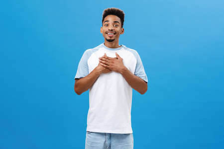 Studio shot of poud and grateful friendly-looking charming dark-skinned male with beard holding hands on breast smiling with pleased look and gazing at camera thanking for help over blue wall
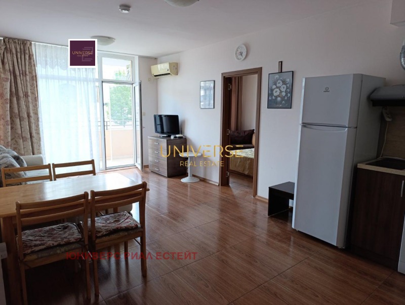Предлагаме за продажба апартамент 2+1 в Слънчев бряг. Състои се от кухня-трапезария, 2 спални, баня и тераса. Апартаментът е обзаведен и оборудван. Комплексът е с много удобно местоположение и удобства. В близост се намират голям супермаркет Младост, аптеки, кафенета, магазини и автогара. Инфраструктурата и удобствата в комплекса включват: асансьор във всеки вход, басейн за възрастни, детски басейн, бар край басейна, ресторант, зона за шезлонги на открито, фитнес зала и контролиран достъп. Акт 16. #5741
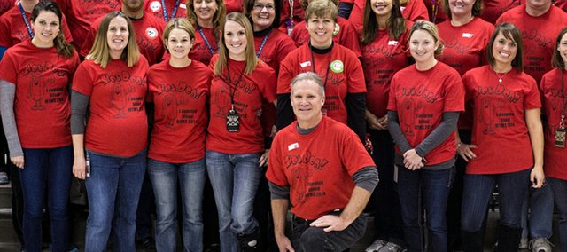 Dave Anderson, kneeling, poses with Monticello Trails Middle School teachers and staff members during a January blood drive at the school in Shawnee. Students and staff organized the drive in honor of Anderson, who recently battled leukemia and had to undergo a blood transfusion that helped get him on the road to recovery.
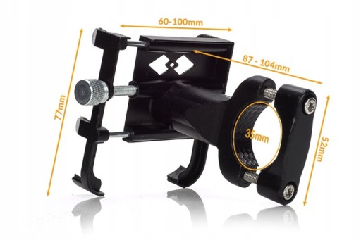 Szczęki uchwytu rozsuwają się od 60mm do aż 100mm. Aktualnie nie ma na rynku telefonu, który by taką szerokość osiągnął. Wysokość uchwytu nie ma znaczenia - uchwyt jest otwarty od góry co pozwala na zamocowanie telefonów o różnych proporcjach szerokości do wysokości.
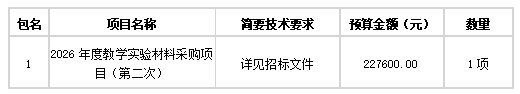 湖南省招標有限責任公司采購代理機構(gòu)受衡陽技師學院的委托,對2026年度教學實驗材料采購項目(第二次)(委托代理編號:0623-2685N1124006 )進行公開招標采購。歡迎符合資格條件的投標人前來投標。
***
### Task objective
Word for word, restate the lines from the one containing "Szczęki uchwytu rozsuwają" through the end of the listing, and nothing more. Skip the pictures.

### Output for this task
 Szczęki uchwytu rozsuwają się od 60mm do aż 100mm. Aktualnie nie ma na rynku telefonu, który by taką szerokość osiągnął. Wysokość uchwytu nie ma znaczenia - uchwyt jest otwarty od góry co pozwala na zamocowanie telefonów o różnych proporcjach szerokości do wysokości.
 湖南省招標有限責任公司采購代理機構(gòu)受衡陽技師學院的委托,對2026年度教學實驗材料采購項目(第二次)(委托代理編號:0623-2685N1124006 )進行公開招標采購。歡迎符合資格條件的投標人前來投標。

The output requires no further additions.